Yes, I've noticed, and have been on it a few times, but I still don't know how to reproduce it reliably (I haven't devoted much time to it though).
-- Can anyone suggest a good way to diagnose the problem so I can submit a decent bug report? As things stand my understanding is horribly vague.
Well I think it has to do with a socket connection in an "exceptional" state of some class (every image in a page, and the page itself, open socket connections). Attaching GDB to the hogging Dillo instance inmediatly stops the problem (and "cont" resumes :-), the interesting thing is that you can't break the code into a function inside Dillo. It seems to get trapped in a busy wait between GTK+ and the kernel signals. * Sometimes de-attaching GDB magically solves the problem. !?
N.B. I seems to happen most when I have opened several links in new windows in rapid succession.
Finding a reliable way to reproduce the problem is KEY to solving it. If you can do that it'd be of great help! I'd try to bring the socket connection into exceptional conditions, and refine from there to find the bug. For instance, what happens when the connection is aborted just before the remote server is contacted? Or maybe what if it is aborted after the remote server is contacted but before Dillo gets notified? It sounds more complex than it is. Just try to find a busy server and play hard on it! Start with the sites you were visiting. I'll check the code for exception handling. Any help is highly appreciated. Cheers Jorge.-
On Thu, 19 Jun 2003, David McKee wrote:
[...] Of late dillo has started getting into a state where all progress stop in all open windows, and it sits on the CPU---keeping my load average at 1.0
[...] N.B. I seems to happen most when I have opened several links in new windows in rapid succession.
I just developed a "blind patch" by checking the IO code for exception handling (as suggested in my previous email). After giving the new code a hard time playing with simultaneous connections, it seems to work OK. The real test, of course, is to prove it against a reliable way to reproduce the problem. Can you guys work on finding a way to reproduce the bug please? Cheers Jorge.-
Hi ya! Just forgot to mention that the patch is not in CVS. Please play a while to find the way to reproduce it! Cheers Jorge.- PS: Did I suggest finding a way to... :-)

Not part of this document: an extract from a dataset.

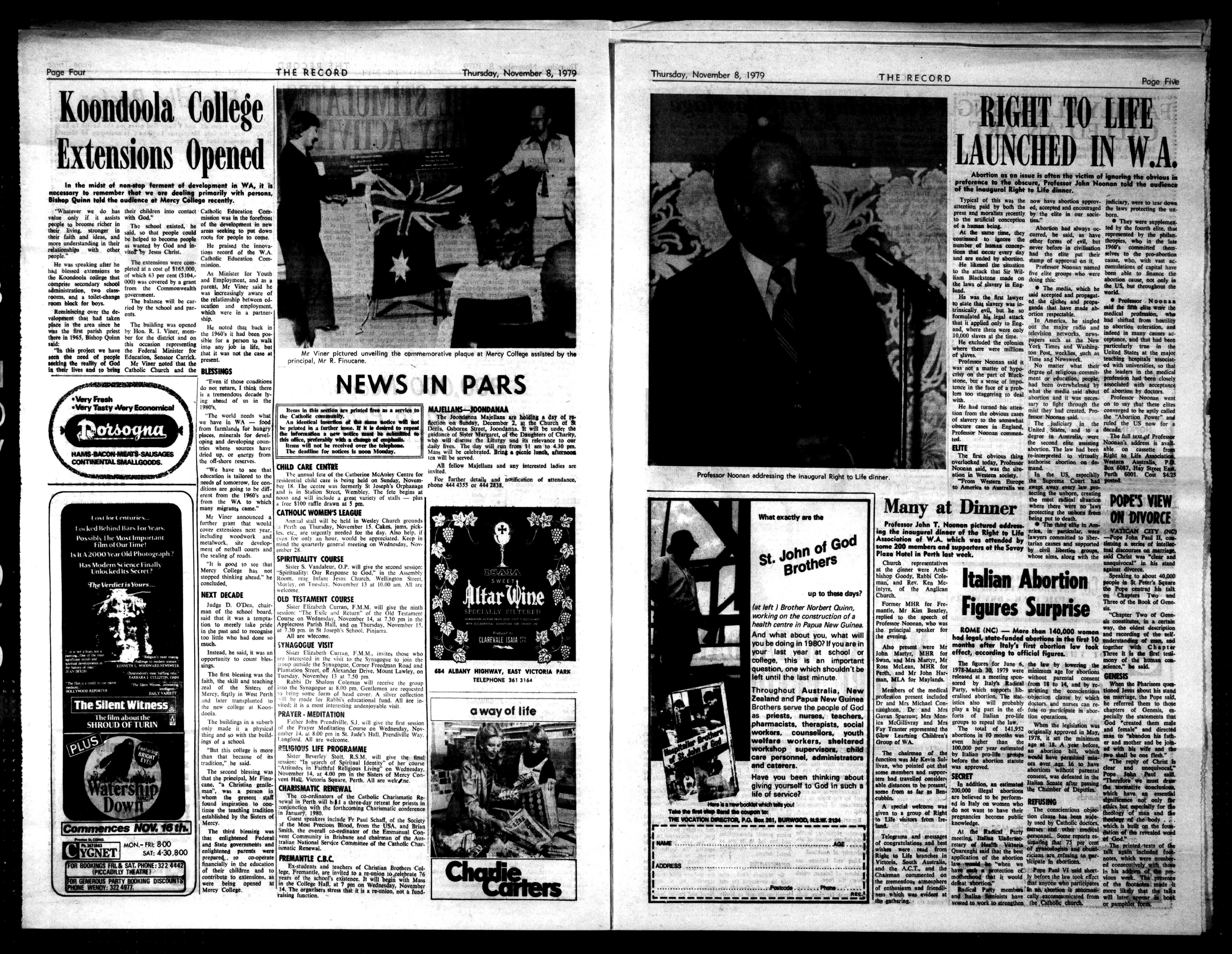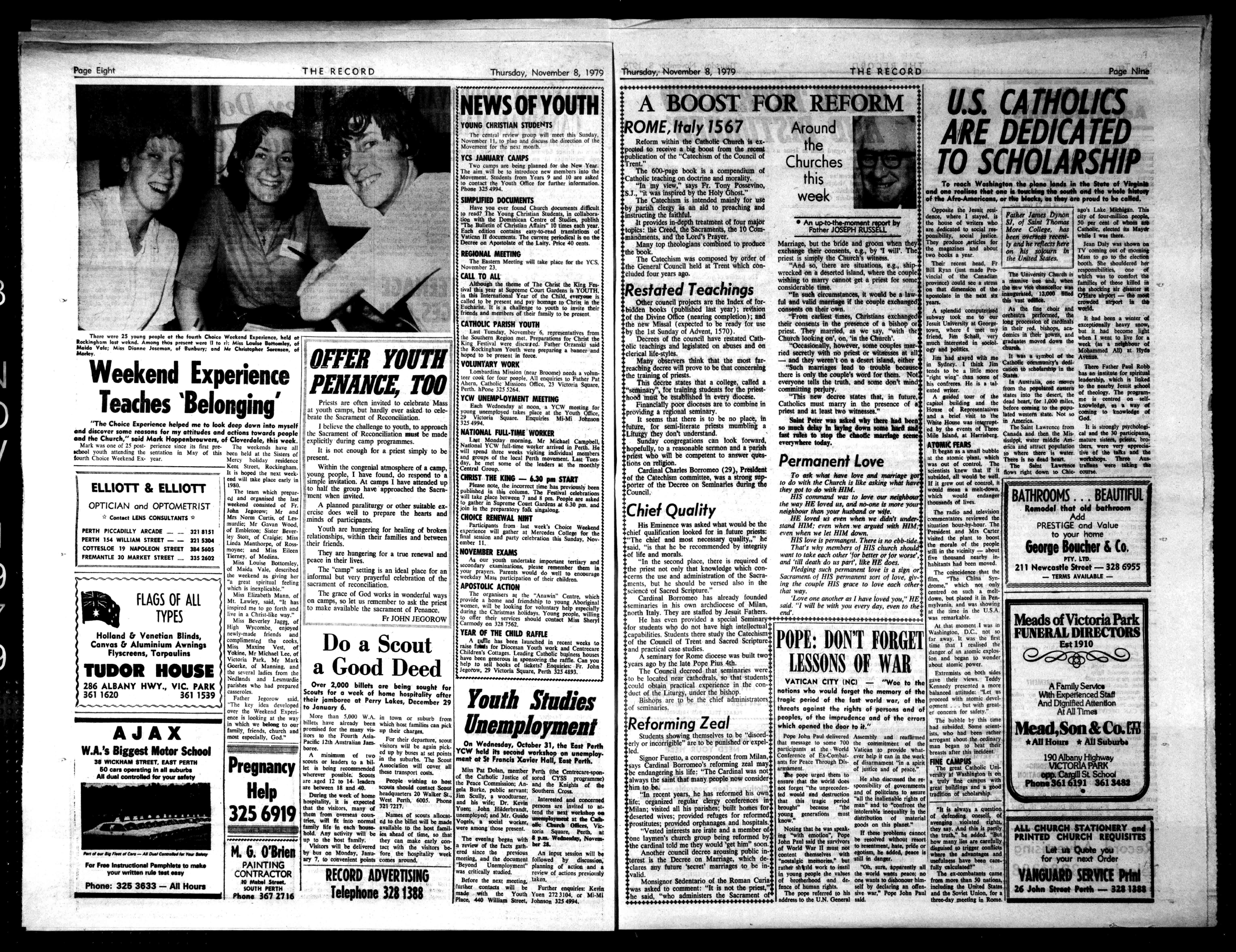 sessionwasgivenbyFather Pat Cunningham, who gavethegroupsometheorticalandpracticaladvice nntherolethattheyplay liturgy,BarbaraHarris Archdiocesan Calendar November Confirmation,Mirrabooka,Archbishop Goody. 4pm.MassforcatechistsinTrinityCollege chapel.BishopQuinn. InductionofFatherKenKeatingasparish priestofMcrredin.BishopHealy. 16 7pmMassforBentleyparish25thanniversarycelebration.ArchbishopGoody. 18 CastledareJubileeGardenParty.Bishop (hind 22 TheSenateofPriestsmeetsatSubiaE. 23 AtHametsleysilverjubileecelebrationsfor FatherBarryWhiteleyandSisterLeone O'Brien,ArchbishopGoody. 74 GoldenjubileeMassforSisterFlorenceal LoretoClaremont.BishopQuinn. 25 10.30amatBaleen+.MassforSaid FrancisXavierCabrini.BishopQuinn. 3 pm.Confirmation,NyoongahMaw Centre,EmbletoaBishopQuinn. OFFICIAL FROM:THEARCHBISHOP TheParishofThomlieisvacantduetothe deathofFatherLauren.Rivers. Priestsinterestedinapplyingforthepastoralcareofthisparishshoulddosoinwriting totheArchbishopnotlaterthanMonday,November19. Bunbury Calendar rrlITY,V11.71'.`,":2 WordofGodintheJewish ...Pesemi., Thesecondsmsiondealt withthepracticalitiesof preparingforMass.looking overthereadings,praying andshoeingideasabout theirshmikancetothe day'scelebration,andthe relationshipofthereaders totheotherpeopletaking pan. Thefinalsessioncovered voiceprojection.theuse covered themicrophone,eyecomact withthecommunion,penTheSociety((VA VincentdePaul HelpUsToHelpOthers BY Donating CLOTHING,RAGS,FURNITUREORANYITEMS NEEDEDBYTEESOCIETY INCARRYINGOlfTRSCHARITABLE WORKS COUNTRYCLEWS RedFineTeSubrico Youronestoptravelcentre *AirTickets(AllAirtines1 Tours/Cruises IndividualTravel BusinessTravel HotelReservations CarRentals PackageTours& ClubMediterrenee CardmemberServims TravelInsurance TravellersCheques (contactFredSinclair orTerriMaine) P.MShippingCentre Y.H.A.YouthHostels Association *MatureYearsTravel (contactAnneMarieloll MauritianTravelCentre FreedomHoliday SeychellesTravelCentre (contactFredSind.. Rehtma'Zs17:"*".AL,ZT4a:11"rat inertMaine! TRAVEL SavingsHouse,12VmtoreAvon.Perth.W.A.6000.Pho 4 3256822 Thursday,November8,1979 THERECORD PageThree JOHNPAULSTIMULATES MISSIONARYACTIVITY ROME(NC)-WiththerepeatedencouragementofPopeJohnPaulII,missionaryactivity hascontinuedtogrow,accordingtoareportbythInternationalFidesService. In messages givenincommon.Searchesofre.edforrefugeeaid. 400thyearoftheArchdiothroughouttheyear,theligiousresidencesalsotake ChinesshowingsignsofoneofManilain1979.with Popeaskedthechurchtoplace. liberalisingitsattitudeto.effortstowardmelesiaslical respondtoitsmissionary BishopsinMocambiqueWardreligion.givingtherenewalandanInteragion. gutty!andemphuisedthecoocondemnedIkenc,,PopereasontohopeforalMissionCongressplan. onaryaspectofpriestlyoft,oudthothtothe furtherpmitisedevelop-nodforDecember. andreligiousvocation,said inthethareas,menutowardreligiousfreeFides. and 00 Chris domforCatholicsinChina.Fidesreportedthatatt Fides,newsserviceofthecommunitiestogivewitnessPROTESTS

On Thu, 19 Jun 2003 13:46:02 -0400 (EDT) David McKee <dmckee@jlab.org> wrote:
Of late dillo has started getting into a state where all progress stop in all open windows, and it sits on the CPU---keeping my load average at 1.0
Sometimes it recovers after a while, sometime I get fed up and close all windows at the WM manager level. Stopping all the active windows doesn't cure it, nor does closing them. I haven't tried using the `Exit Dillo' menu item, but I'll do so on the next occurrence.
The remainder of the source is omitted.